(Stored dataset items)
◆ ◆ ◆ ◆

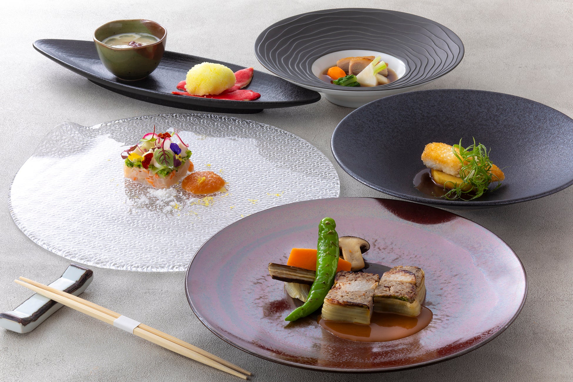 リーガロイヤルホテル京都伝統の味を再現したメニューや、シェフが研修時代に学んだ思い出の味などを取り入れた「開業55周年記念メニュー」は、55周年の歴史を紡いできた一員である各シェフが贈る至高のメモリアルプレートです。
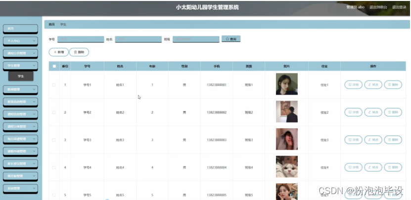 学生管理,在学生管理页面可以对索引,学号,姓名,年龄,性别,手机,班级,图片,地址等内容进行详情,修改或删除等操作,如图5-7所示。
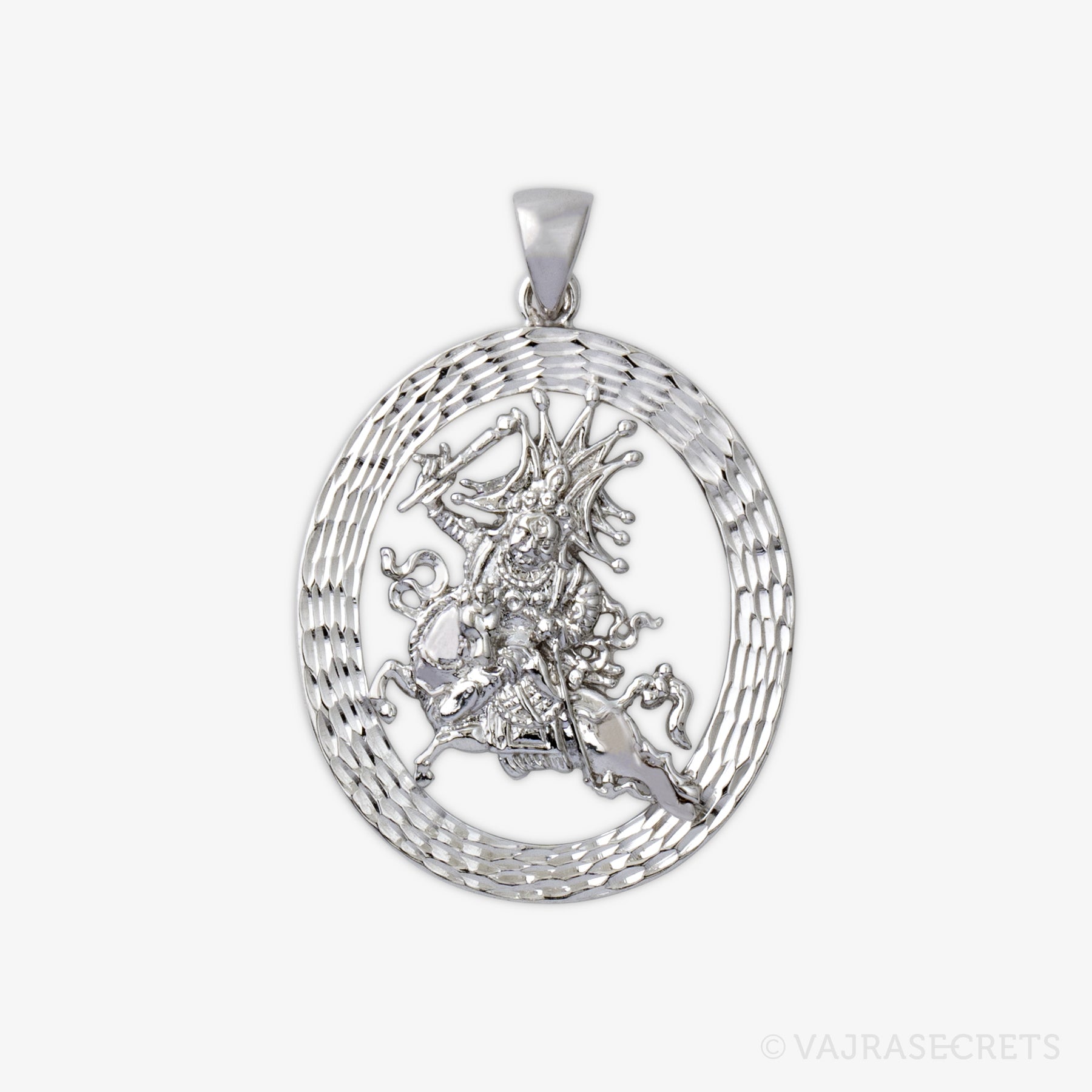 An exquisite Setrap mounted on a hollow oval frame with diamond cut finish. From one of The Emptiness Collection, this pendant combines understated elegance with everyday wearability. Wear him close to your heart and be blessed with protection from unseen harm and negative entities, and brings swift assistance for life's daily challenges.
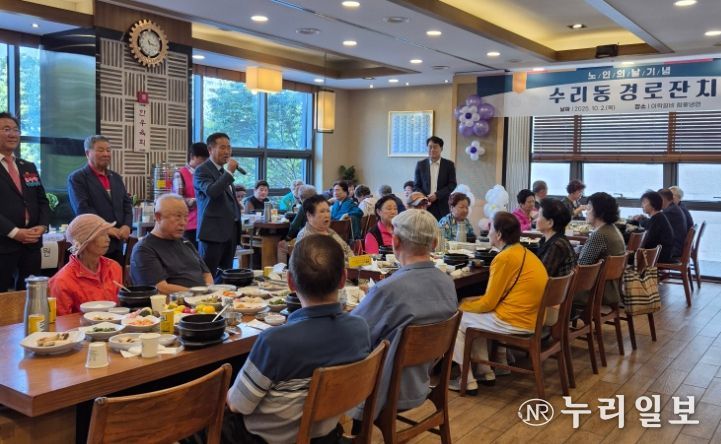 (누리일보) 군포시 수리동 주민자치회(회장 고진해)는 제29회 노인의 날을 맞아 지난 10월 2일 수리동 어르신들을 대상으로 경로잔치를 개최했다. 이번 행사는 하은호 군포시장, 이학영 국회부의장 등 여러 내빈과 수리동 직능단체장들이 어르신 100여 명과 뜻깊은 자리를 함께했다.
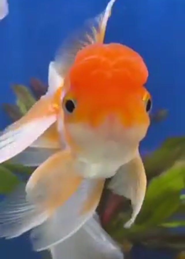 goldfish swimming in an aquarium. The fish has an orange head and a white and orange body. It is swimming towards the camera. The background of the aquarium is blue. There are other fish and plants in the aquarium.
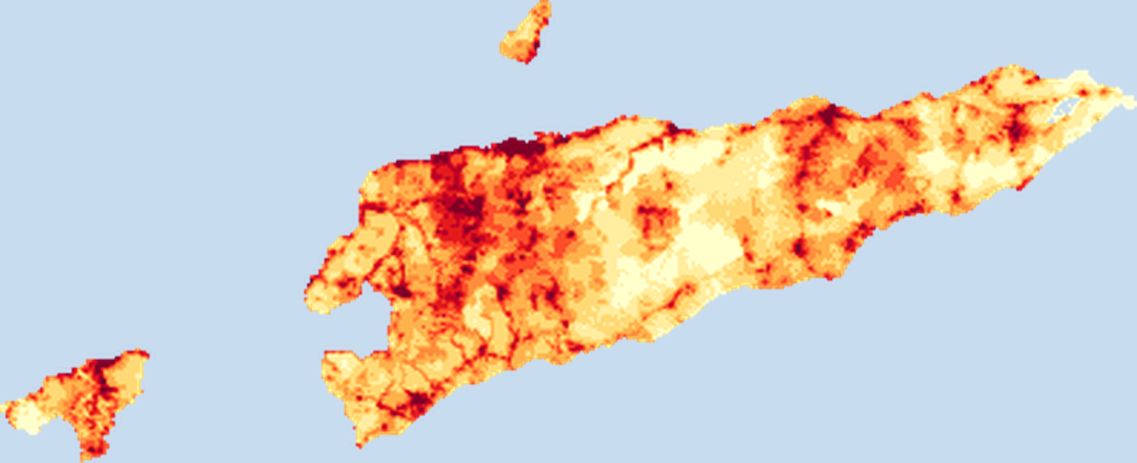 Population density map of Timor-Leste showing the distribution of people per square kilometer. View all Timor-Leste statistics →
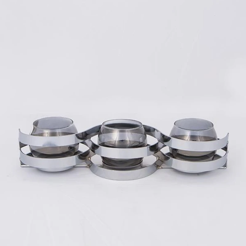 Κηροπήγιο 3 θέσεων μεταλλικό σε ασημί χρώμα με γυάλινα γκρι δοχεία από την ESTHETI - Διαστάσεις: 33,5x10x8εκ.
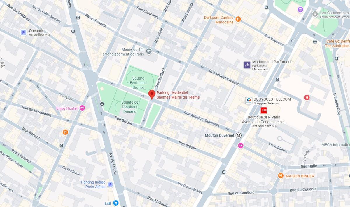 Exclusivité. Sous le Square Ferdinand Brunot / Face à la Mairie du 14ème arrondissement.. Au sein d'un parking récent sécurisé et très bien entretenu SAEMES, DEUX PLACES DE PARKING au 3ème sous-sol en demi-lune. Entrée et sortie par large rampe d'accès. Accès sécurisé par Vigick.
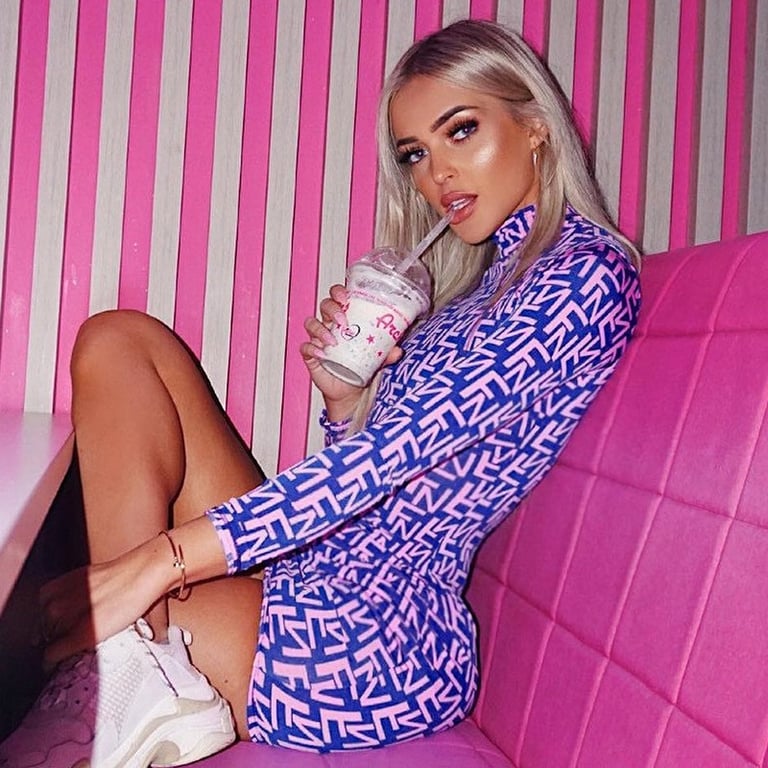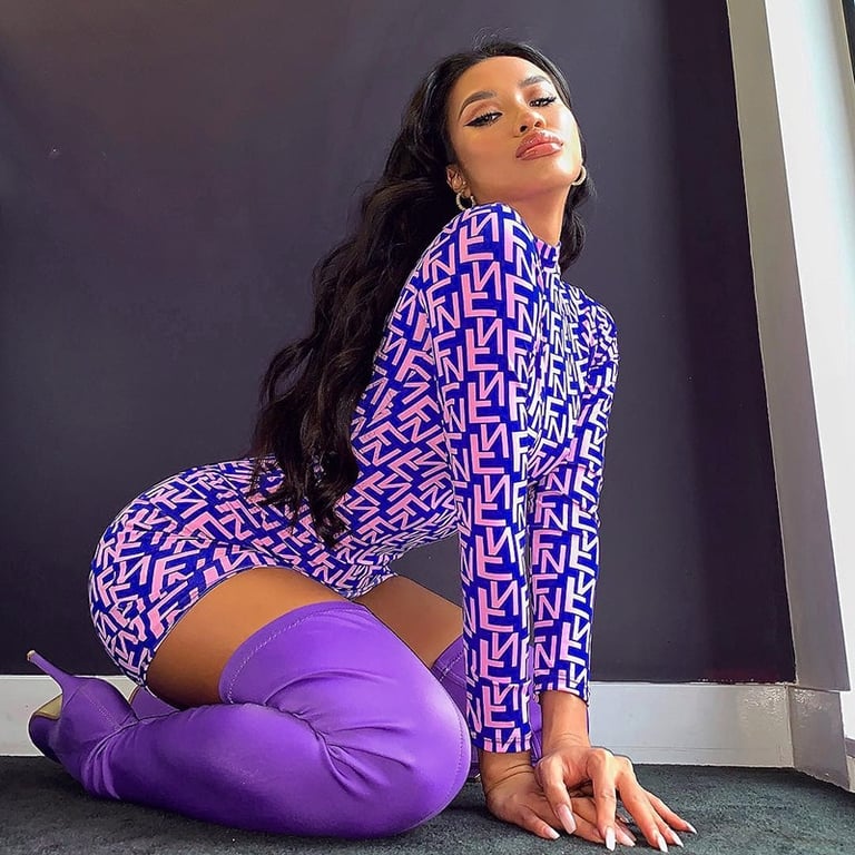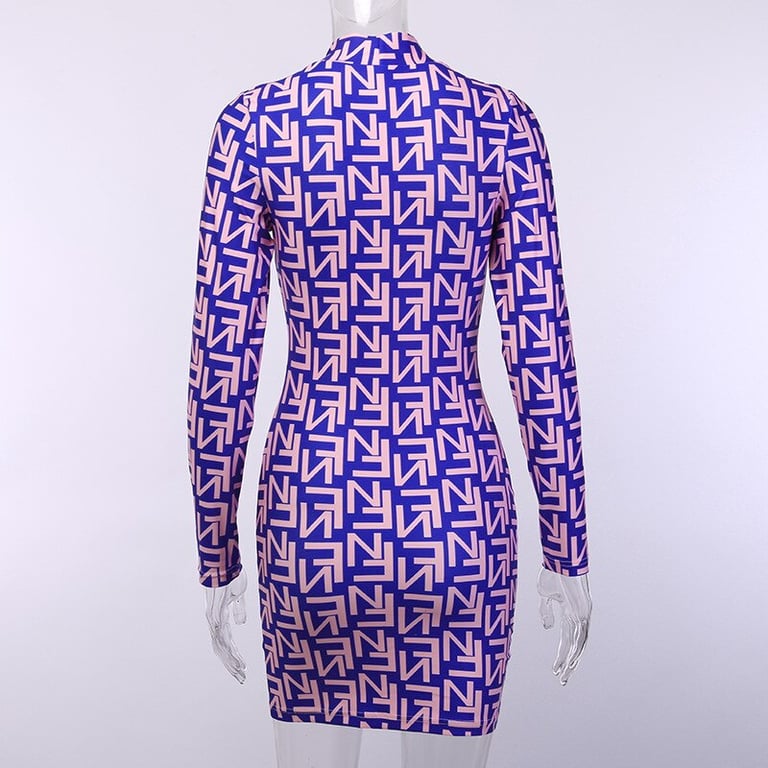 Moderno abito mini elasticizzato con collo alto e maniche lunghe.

◆ ◆ ◆ ◆

Repeat the lines above, starting at the first and stopping after the line that holds "学生管理,在学生管理页面可以", with the pictures left out.

 リーガロイヤルホテル京都伝統の味を再現したメニューや、シェフが研修時代に学んだ思い出の味などを取り入れた「開業55周年記念メニュー」は、55周年の歴史を紡いできた一員である各シェフが贈る至高のメモリアルプレートです。
 学生管理,在学生管理页面可以对索引,学号,姓名,年龄,性别,手机,班级,图片,地址等内容进行详情,修改或删除等操作,如图5-7所示。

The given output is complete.